国民民主党が掲げる「103万円の壁」は突破可能だが…それを阻む「真の元凶」の正体
減税で「国民が苦しくなる」と言いたげな…
いわゆる「103万円の壁」の引き上げが、話題になっている。 衆議院選挙で、7議席から28議席と大躍進して政界のキャスティングボードを握った国民民主党が、「手取りを増やす」をスローガンに、「基礎控除などを103万円から178万円に拡大」と「トリガー条項の凍結解除でガソリン代を安くする」などの政策を推し進めているからだ。 【写真】いきなり無保険に?マイナ保険証「2025年問題」のヤバすぎる全容 現在、給与所得控除55万円と基礎控除48万円を合わせて103万円までは給料をもらっても所得税がかからない。
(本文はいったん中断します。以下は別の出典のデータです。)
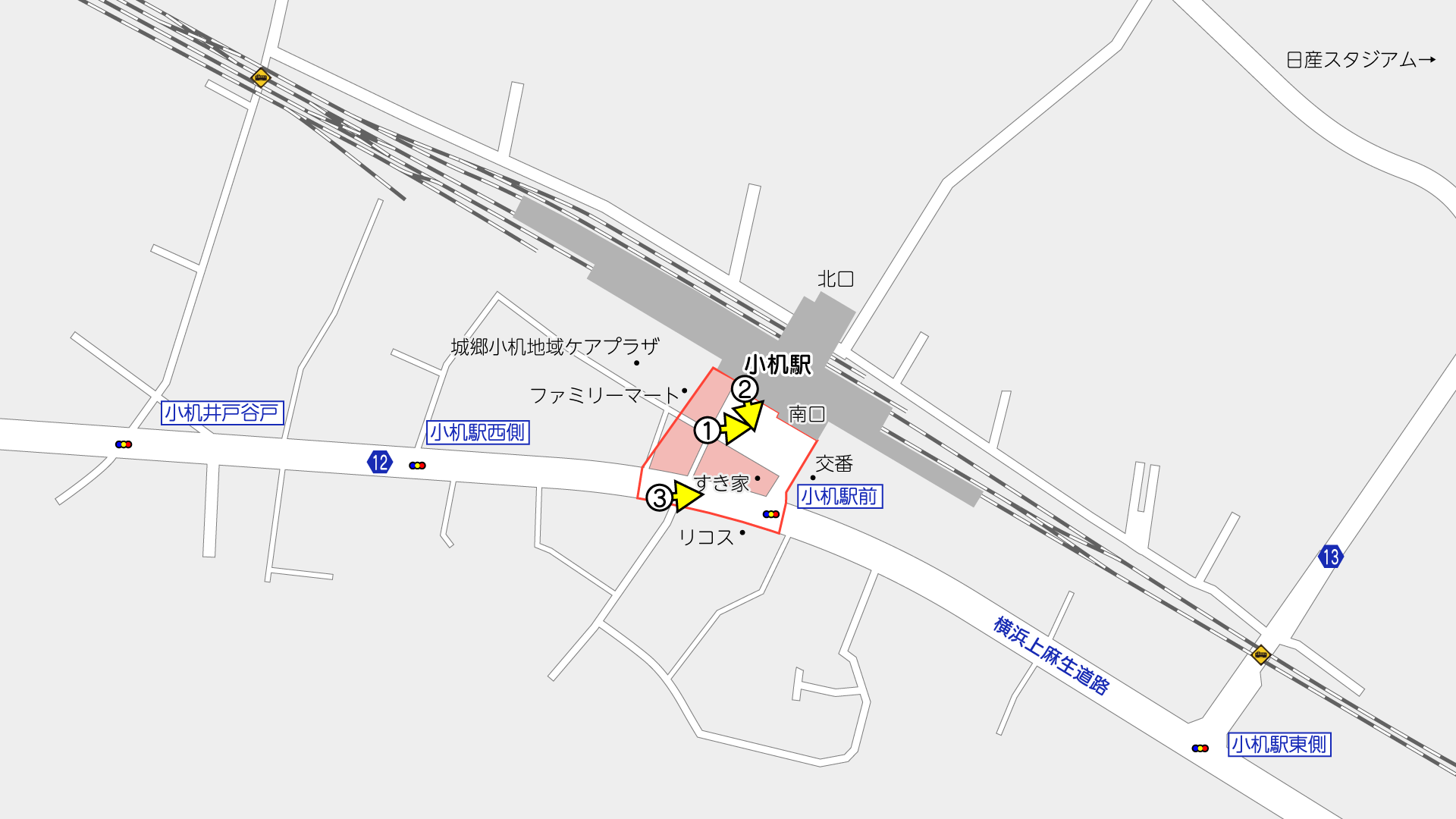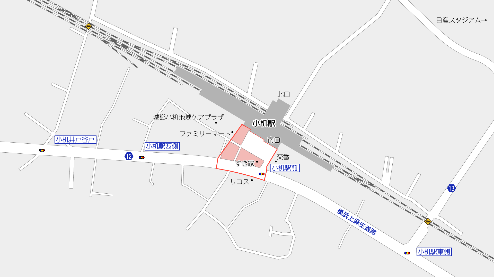 横浜国際港都建設計画道路3・3・32号横浜上麻生線は、横浜市神奈川区東神奈川一丁目から横浜市青葉区鉄町に至る延長約16,080mの都市計画道路です。このうち上記図に示した小机駅南口では、交通広場等を整備する事業が行われています。
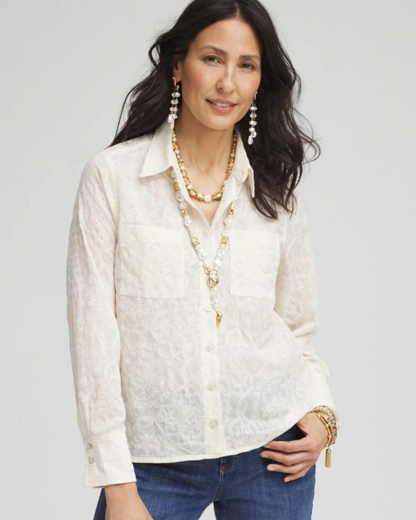 Add this new Embroidered Pocket Collared Shirt to your spring 2025 wardrobe. Showcasing a lovely, ready-to-wear style, spring design, and two front pockets.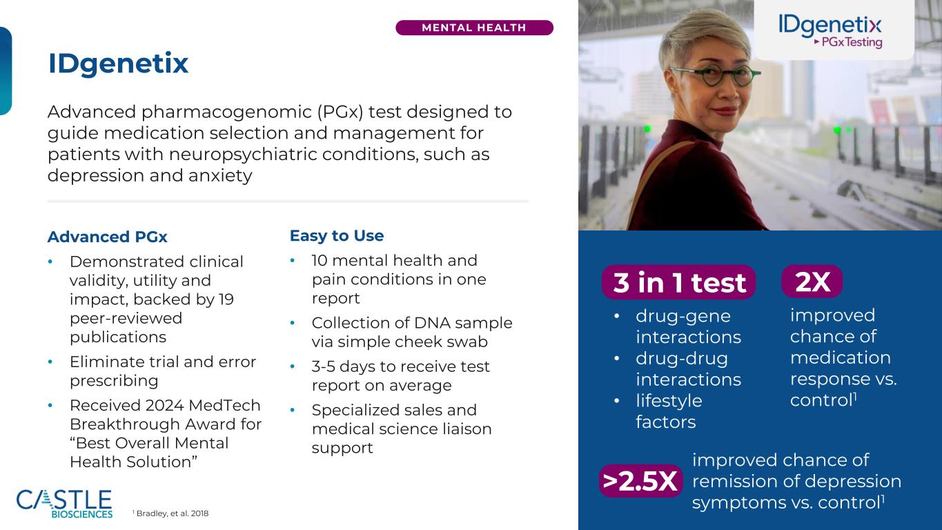 ©2024 Castle Biosciences 24 IDgenetix MENTAL HEALTH Advanced pharmacogenomic (PGx) test designed to guide medication selection and management for patients with neuropsychiatric conditions, such as depression and anxiety Advanced PGx • Demonstrated clinical validity, utility and impact, backed by 19 peer-reviewed publications • Eliminate trial and error prescribing • Received 2024 MedTech Breakthrough Award for “Best Overall Mental Health Solution” Easy to Use • 10 mental health and pain conditions in one report • Collection of DNA sample via simple cheek swab • 3-5 days to receive test report on average • Specialized sales and medical science liaison support improved chance of remission of depression symptoms vs. control1 3 in 1 test • drug-gene interactions • drug-drug interactions • lifestyle factors 2X >2.5X improved chance of medication response vs. control1 1 Bradley, et al. 2018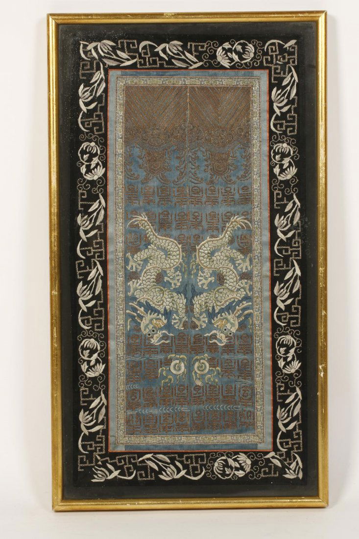 AN IMPERIAL 'TWO DRAGONS' SILK BROCADE FRAGMENT, MING DYNASTYMar 12, 2026Vintage Asian Embroidery on Silk(prob) PanelMar 02, 2026Chinese Embroidered Rank BadgeMar 07, 2026Framed Japanese Kesi Dragon Panel/Textile.Mar 08, 2026Qing Dynasty Dragon Robe Fabric with Gold Thread Embroidery5 days LeftA Chinese Silk Embroidery Panel with Peony and Crashing Waves4 days LeftPanjin embroidery (gold thread embroidery) of Two Dragons Holding the Longevity Character , Qing1 day LeftGold Thread Embroidered Robe Fabric with Dragon Pattern, Mid-Qing DynastyMar 04, 2026Chinese Silk Embroidered Kessi PanelMar 17, 2026Chinese Velvet and Gold Thread Meditation Hanging.Mar 08, 2026Pair of Qing Dynasty Suzhou Embroidery "Dragon and Phoenix Present Auspiciousness"5 days LeftGold Thread Embroidered Robe Fabric with Dragon Pattern, Qing DynastyMar 04, 2026Two Chinese Embroidered Silk 'Dragon' Hanging PaMar 12, 2026Fine Antique Chinese Square Blue & Gold Silk Embroidered Textile Panel7 days LeftA Chinese Imperial-Style Silk Dragon Panel, Five-Clawed Dragon Amid Clouds4 days LeftA Chinese Embroidered Silk Panel with Floral and Geometric Motifs4 days Left

この控除を178万円まで引き上げ、178万円までは稼いでも課税されないようにするのが、国民民主党の意図するところだ。 党は件の減税額を下記のような表にしている。 これに対して、すぐさま噴出したのが財源論だ。 林芳正官房長官が10月31日の記者会見で、国民民主党の主張通りに「年収103万円の壁」を解消するには、国と地方で7兆~8兆円程度の減収が見込まれるとの見解を示した。 これを後押しするように、11月5日に村上誠一郎総務大臣が、「機械的に計算すれば、地方の個人住民税だけで4兆円程度の減収になる」という試算を明らかにし、まるで「皆さんの生活が悪影響を受けますよ」とでも言いたげな口ぶり。 だが、この財源論には、ひとつ大きな視点が抜け落ちている。
国の税収は過去最高を更新
確かに、政策の実現に7~8兆円かかると言われれば、「どこからそんな金をひねりだせばいいのか」と思う人は多いだろう。 だが、私は、その心配はないと思う。 なぜなら、この5年間で国の税収は、13.7兆円も増えて、過去最高を更新し続けた点にある。この5年は、多くの人が新型コロナに苦しみ、それに続いて物価高に飲み込まれた時期をふくむ。 にもかかわらず、国の税収は58.4兆円から72.1兆円と、なんと約14兆円も増えている。この税収の最大の押し上げ要因は、消費税だ。 しかも、この間の税金の使い方を見ると、膨張する税収に合わせて予算も水膨れしていることがわかる。